Clay Center, like thousands of other small communities from Maine to New Mexico, is struggling to avoid becoming a ghost town. The population of rural America is being sapped by an epic postwar migration to cities and suburbs, a trend that has accelerated in the past decade. Each year since 1985, more than half a million rural residents have packed up and moved away, usually in search of employment. While self-reliant, spirited towns like Clay Center are putting up a plucky campaign to bring back jobs and citizens, such communities now find they are threatened by conditions, ranging from global competition to deregulation, that are beyond their control. As the small towns shrivel away, so does a way of life that helped define America's character. The U.S. is gradually becoming a more congested, coastal megalopolis, with an increasingly lonely place in the middle.

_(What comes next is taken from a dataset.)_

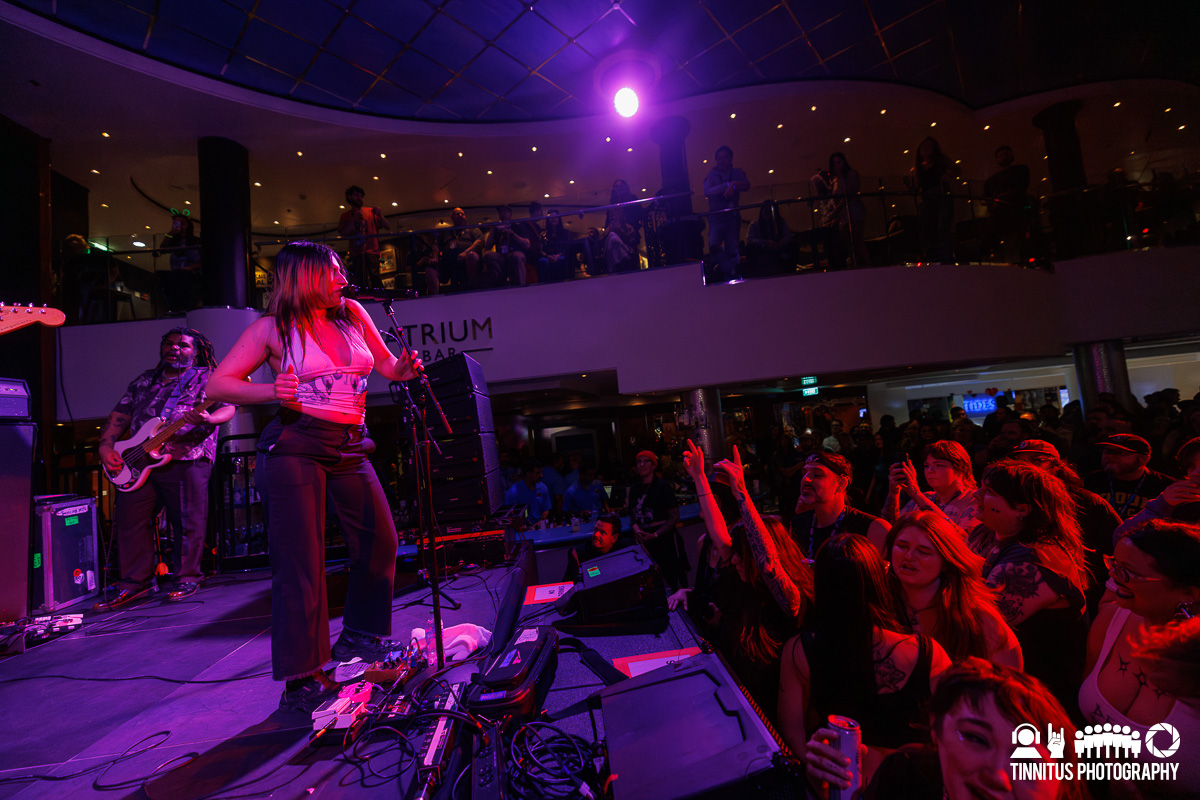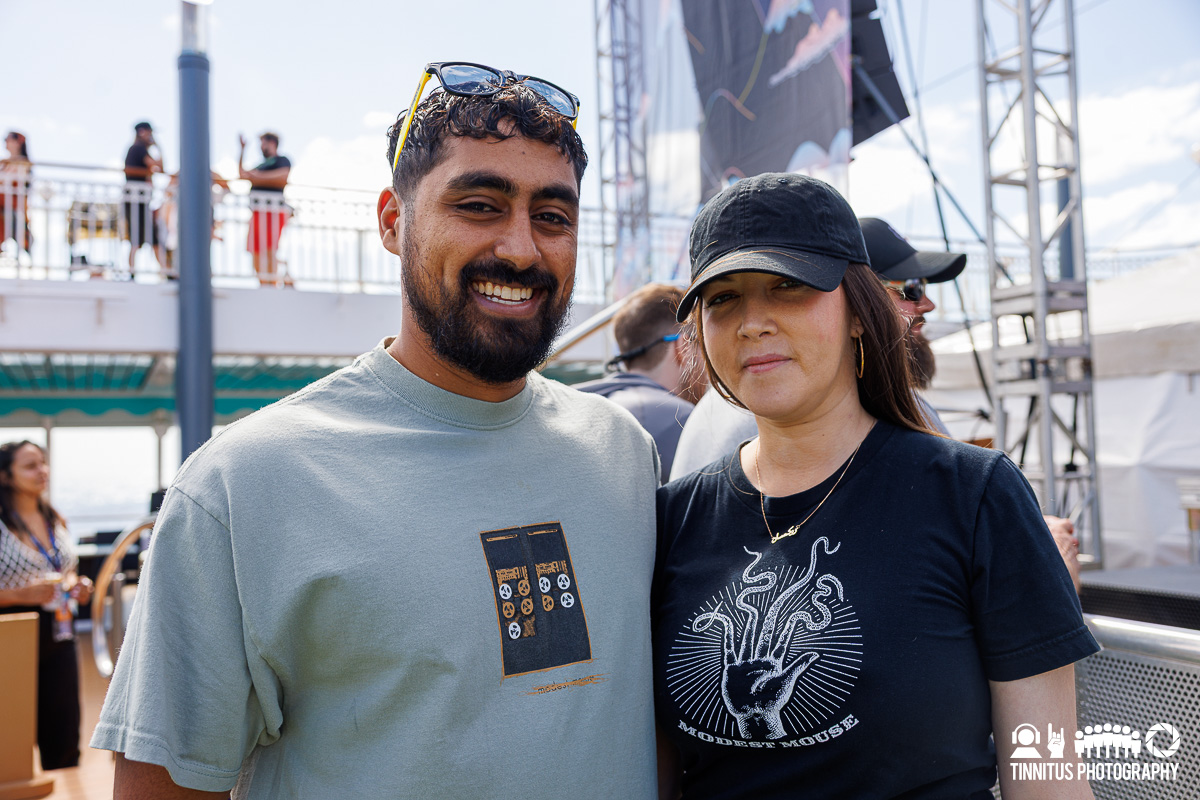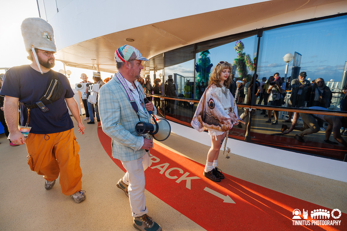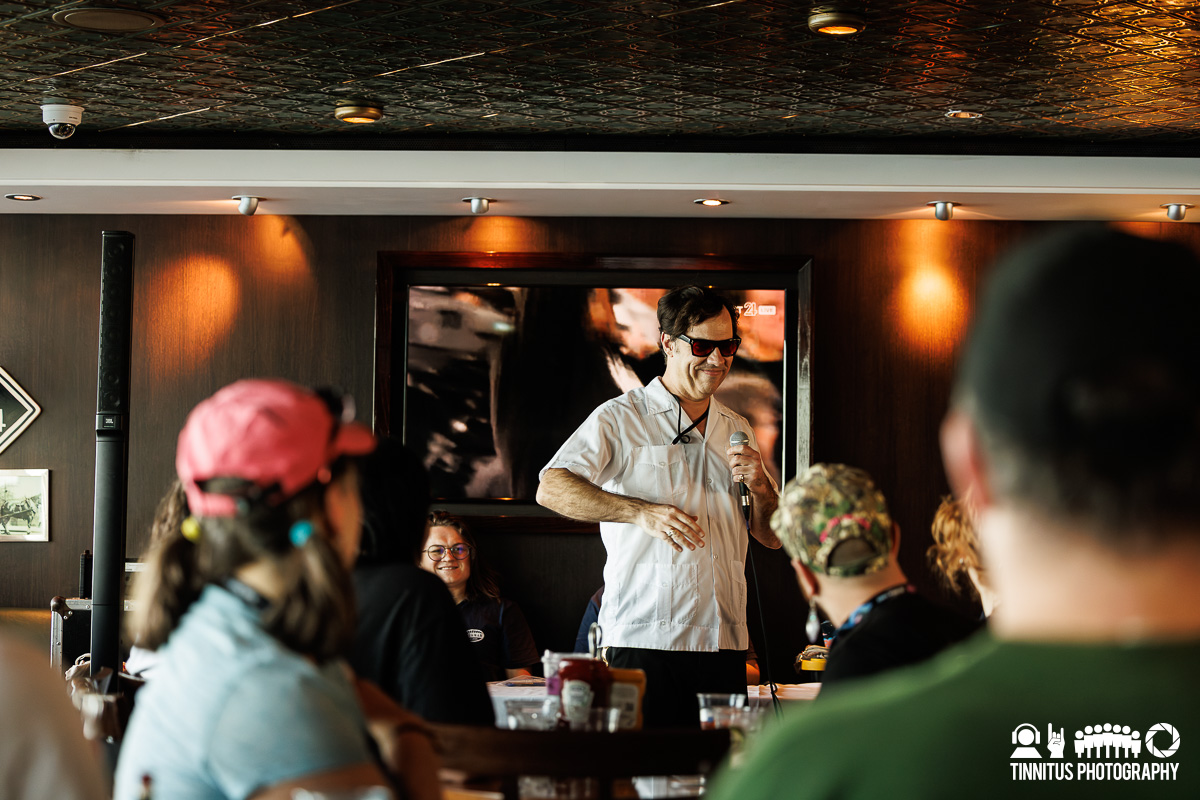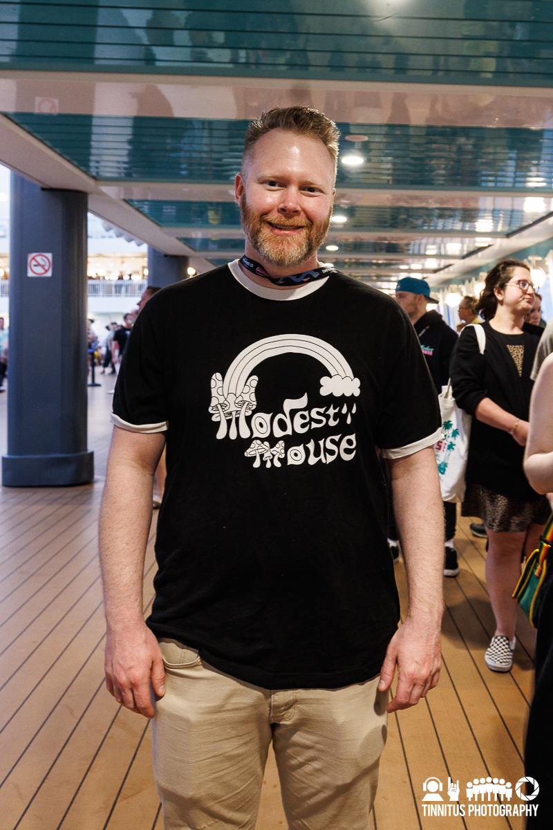 In addition to the ten bands and one comedian performing, there were plenty of other ways to spend your time that didn’t include staking out a space on the deck and reading a book, or drinking a piña colada in one of the hot tubs. Bingo sessions hosted by David Cross, trivia rounds emcee’d by Mannequin Pussy or Mattress, yoga sessions, autograph sessions with the bands, Brock delivering an MST3K-style live commentary (grab a bag of free popcorn as you find a seat in the theatre) to a screening of “The Devil’s Advocate,” late night DJ sets and karaoke sessions, getting a last minute tattoo, or throwing away money at the casino – there was no excuse for any bored downtime unless that’s what you were seeking. Additionally, enterprising fans were busy before the cruise, making any number of Modest Mouse-related tchotchkes ranging from stickers and 3D printed cockroaches and fridge magnets that they freely distributed to fellow fans. Oh, and during the Q&A session with Isaac, we learned that every question can be also answered with the word “Bass.”

Founded by land developers as a farming center in the 1860s, Clay Center had hopes of becoming a rival of Chicago. Nowadays the four stoplights that mark the corners of the town's courthouse square often change from green to yellow to red without anybody noticing. Most of the shops on the town square rarely get more than two customers at a time. Shoppers who once bustled along the dusty main strip have defected to the new mall in Manhattan, 40 miles to the southeast, or the Wal-Mart outside Concordia, equidistant in the opposite direction.

Though small towns have suffered a critical loss of business and services in recent years, their populations have been ebbing for decades. The decline began as farms started mechanizing and becoming less labor intensive. Says John Keller, a professor of regional and community planning at Kansas State: "Many of these communities peaked in 1890. This has been the longest deathbed scene in history." Many towns tried to diversify in postwar years by attracting industry, especially low-paying light-manufacturing businesses. Many of those jobs, however, were eventually lost to even lower-wage foreign suppliers, especially during the run-up in value of the U.S. dollar in the early 1980s. During this decade, rural areas have created new jobs at only 40% the rate of metropolitan centers.